Begin with the first line below and retype each line exactly through the line containing "Dolların sabah üçün". Any pictures are to be left out.

Content starts

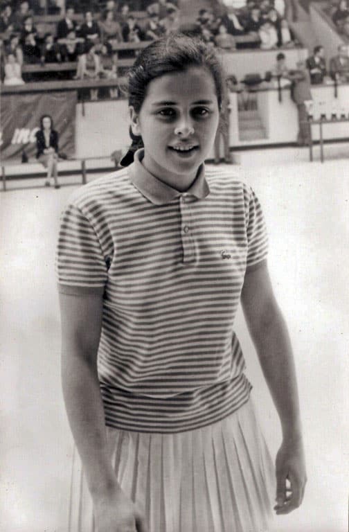 Jugadora del Sagrado Corazón de Bilbao, elegida como mejor deportista femenina de Vizcaya en la Temporada 1964-65 Aparece esta foto en la página 107 del libro (Saskibaloiaren 75 Urteko Ibilbidea Bizkaian/75 Años de Baloncesto en Bizkaia)
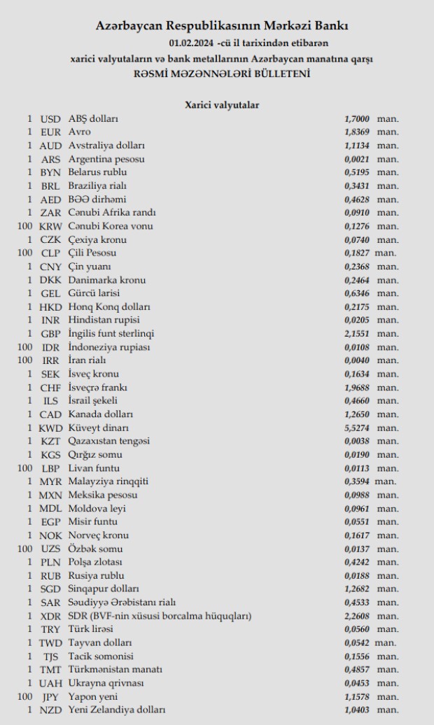 Dolların sabah üçün rəsmi məzənnəsi müəyyən olunub
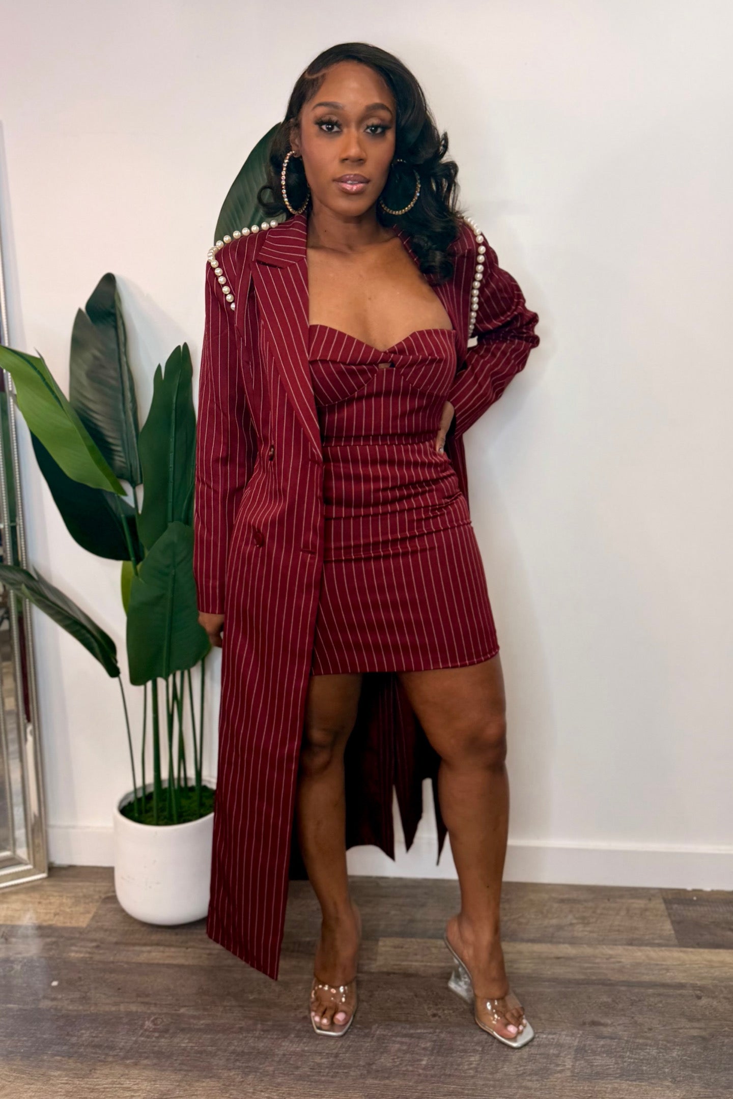 Model is wearing a Medium Color: Burgundy Pinstripe Three-piece set Tailored longline coat, matching cropped top, and coordinating mini skirt. The long coat features a structured silhouette Sharp lapels and elegant pearl shoulder detailing, Fitted...
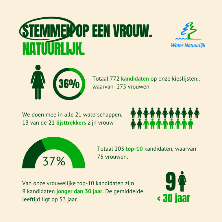 Water Natuurlijk heeft bij de komende verkiezingen voor de waterschappen de meeste vrouwelijke lijsttrekkers van alle partijen. Van de 21 waterschappen worden er bij Water Natuurlijk 13 lijsttrekkers vervuld door vrouwen. Water Natuurlijk maakt zich naast genderdiversiteit ook hard voor leeftijdsdiversiteit. In de top 10 kandidaten van Water Natuurlijk zijn maar liefst 9 vrouwelijke kandidaten onder de 30 jaar oud.
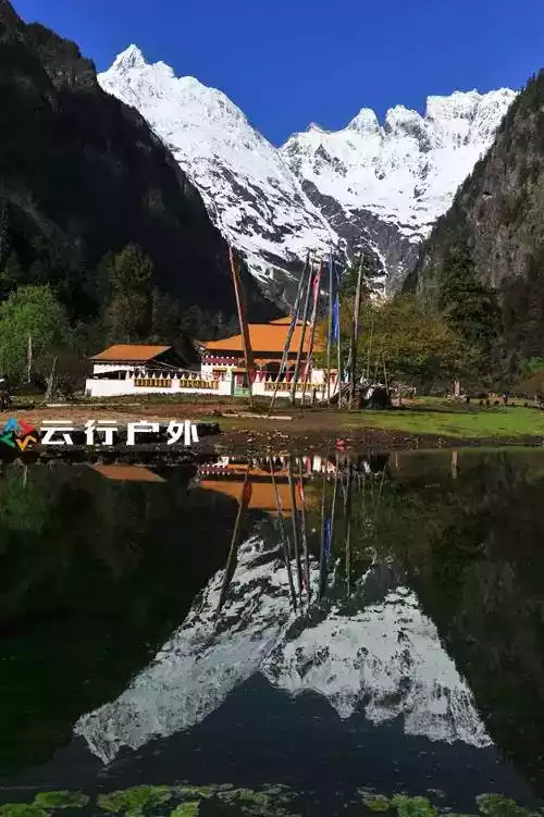 Snow mountains, temples, blue sky, reflections, can be found in Yubeng Lower Village.
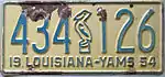 1954 | Embossed blue serial with pelican separator on beige plate with border line; "19" at bottom left and "54" at bottom right | "LOUISIANA-YAMS" centered at bottom | 123-456 | 1-001 to approximately 700-000 | |
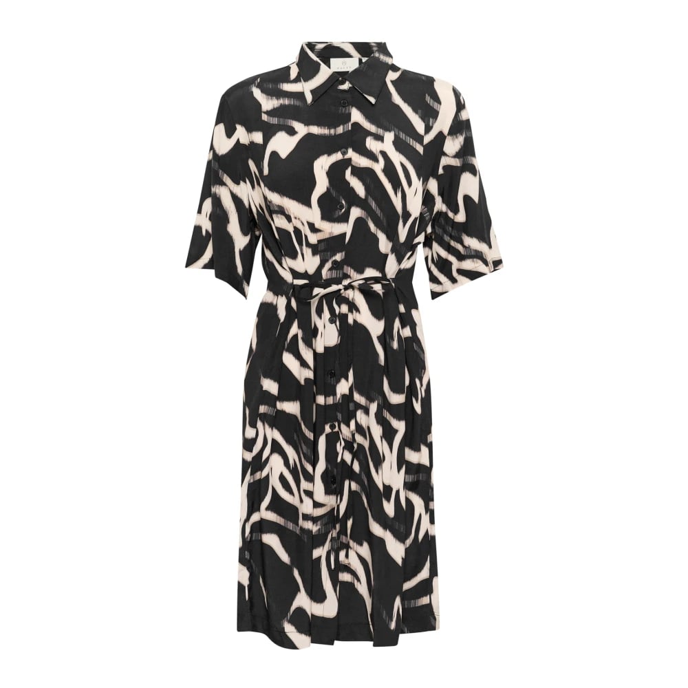 Kaffe, Klänningar , Dam, 3Xl, Feminin Skjortklänning Svart/Natur Linjer
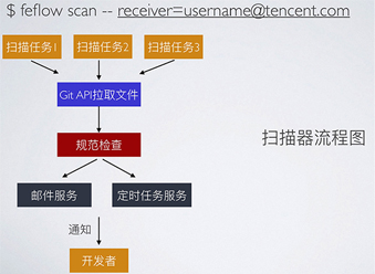 在一个工程项目中,有各种各样的规范,比如项目命名规范、描述规范、目录结构规范、README.md规范,是否增加基本监控等等。编写扫描器scanner,对某个Group里面的所有业务项目进行扫描,将不符合规范的仓库和不符合规范的地方列举出来,并且捞出责任人。最后通过邮件及定时任务发送给相关同学,并且敦促修改。扫描器流程图如下:

Content ends

SOLUTION FOR THIS EXERCISE ->
 Jugadora del Sagrado Corazón de Bilbao, elegida como mejor deportista femenina de Vizcaya en la Temporada 1964-65 Aparece esta foto en la página 107 del libro (Saskibaloiaren 75 Urteko Ibilbidea Bizkaian/75 Años de Baloncesto en Bizkaia)
 Dolların sabah üçün rəsmi məzənnəsi müəyyən olunub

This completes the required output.